因此他对于敢捣乱把皇帝带出宫的时南絮, 也颇有一种诡异的同类惺惺相惜的感觉。

    颠簸了好一会, 时南絮感觉自己都快已经适应这马匹的速度和高度了, 但是一张嘴想要辩解, 就觉得被灌了一肚子的冷风, 当即选择闭口不言。

    而且这家伙都能叫自己时大人, 显然是已经认出了自己的身份, 再辩解也没什么用了。

    只是

    时南絮心底不免叹了口气,她可是好不容易寻了点空闲的时间出宫来这花灯会玩, 结果连买的马奶糕,都还没吃上多少口就被这京城里的禁军给捉了。

    赵羽书见时南絮不说话, 以为她是被这禁军搜皇帝踪迹的架势给吓到了,不由得笑道:“你不必担心,你这人这般好玩,我身为禁军统领能将你保下来的。”

    “小皇帝那边,有我属下前去搜寻。

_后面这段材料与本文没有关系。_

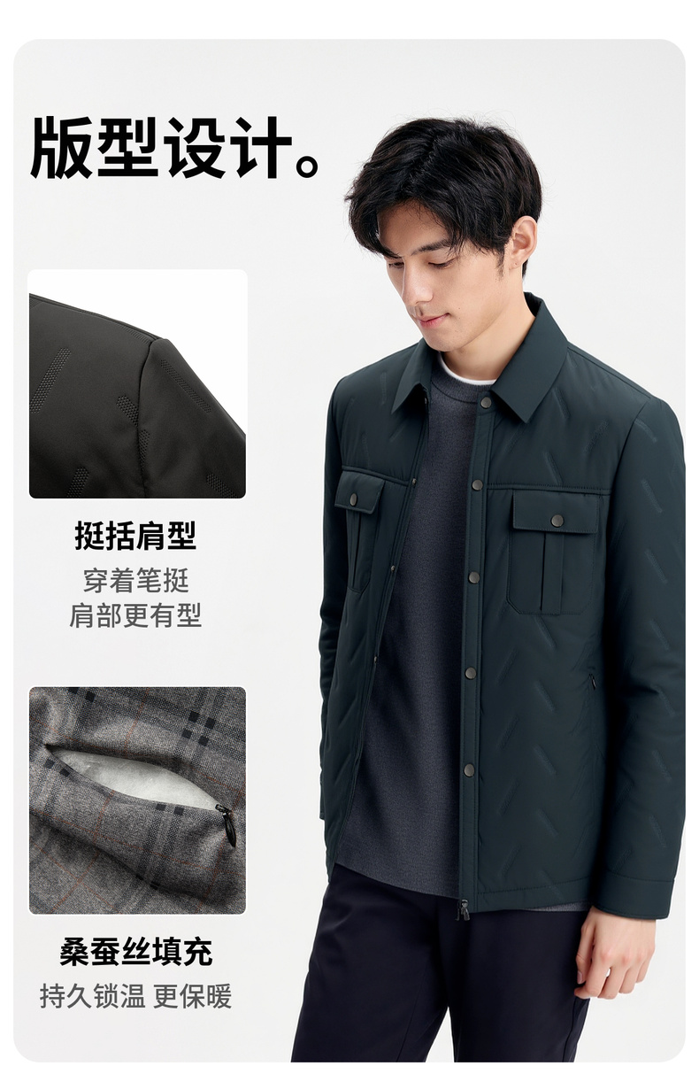 【含桑蚕丝】圣得西男士翻领商务棉服2025秋季新款行政风简约外套
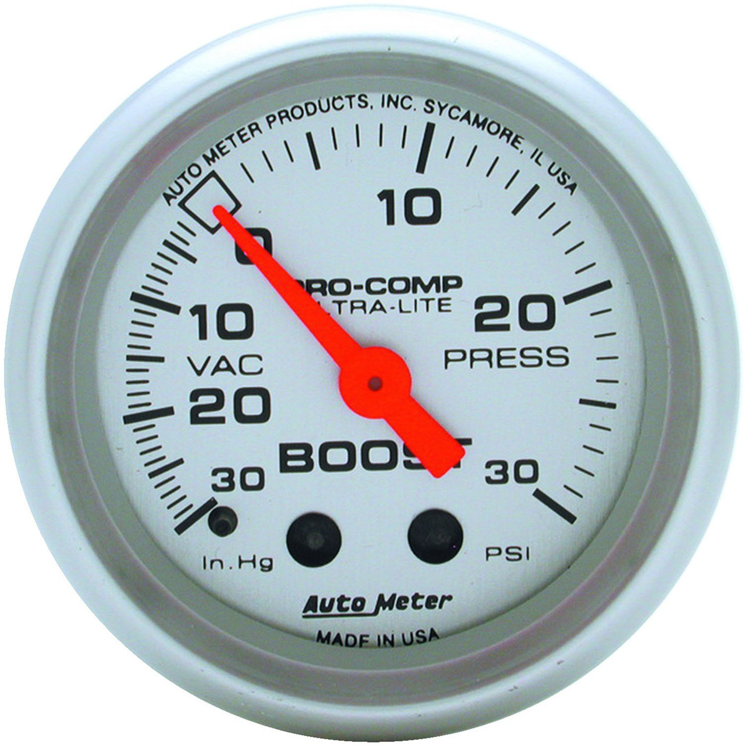 autometer gauge, ultra-lite, vacuum/boost, 2 1/16 in, 30 in. hg/30psi, mechanical, analog, each
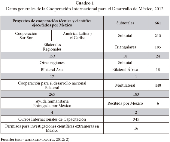 Antes de continuar con el análisis de las acciones mexicanas de colaboración, resulta necesario hacer una precisión. Como un efecto del déficit de institucionalización de sus procesos, acciones y resultados, las autoridades mexicanas adscritas a la Secretaría de Relaciones Exteriores (SRE) dedicadas a gestionar esta tarea no han logrado que los informes oficiales que editan cada año contengan análisis comparables entre sí. Por otro lado, en los datos referidos no se incluye la totalidad de ejercicios de CID del país, sino que se incluye únicamente el ámbito de la cooperación técnica, científica, ayuda humanitaria (y en algunos casos educativa) realizada mediante el respaldo de la Dirección General de Cooperación Técnica y Científica (DGCTC); instancia adscrita desde noviembre de 2011 a la AMEXCID.

”

    不过想到那个外表温润如玉实则高深莫测的摄政王,赵羽书略微沉吟思考了半晌,继续道:“只是陆重雪那家伙那边,你到时候自个儿解释去罢。”

    光是想到陆重雪那家伙温和笑着的模样,赵羽书就不由得感到头皮发麻,脊背都有些生寒。

    他自幼就和还是太子殿下的陆重雪不对付,天晓得陆重雪给阿爹下了什么迷魂药了,身为平远将军府一家之主的阿爹甚是欣赏陆重雪。

    当年东宫势微出事之时,还是父亲出面,上奏极力保下了陆重雪,触怒了先皇的太子殿下这才勉强保住太子之位。

    但赵羽书看到陆重雪就浑身不得劲,因为每回从书院回来,阿爹便会拿陆重雪为例子教训他,说他读书不用功。

    久而久之,赵羽书光是想起来陆重雪那张脸,都不是很想见到他。

    赵羽书自顾自地说了半天,与他一同乘马的时南絮却一声不吭,他顿时觉得这般没什么意思,便压低了身形靠近时南絮,去看她怎么回事,还一边低声嘟囔着,“你这文人书生好没意思,连道谢都没有一声。”

    然后赵羽书就看到了煞白着一张脸的时南絮。

    时南絮被颠得头晕目眩的,就连腿侧都被那马匹的鬃毛磨得有些疼,只模模糊糊间听到赵羽书说自己是禁军统领。

    这么年轻的禁军统领?

    约莫就是剧情纲要里的少年将军了,时南絮当即清醒了几分,一睁开眼,就看到了赵羽书手足无措的模样。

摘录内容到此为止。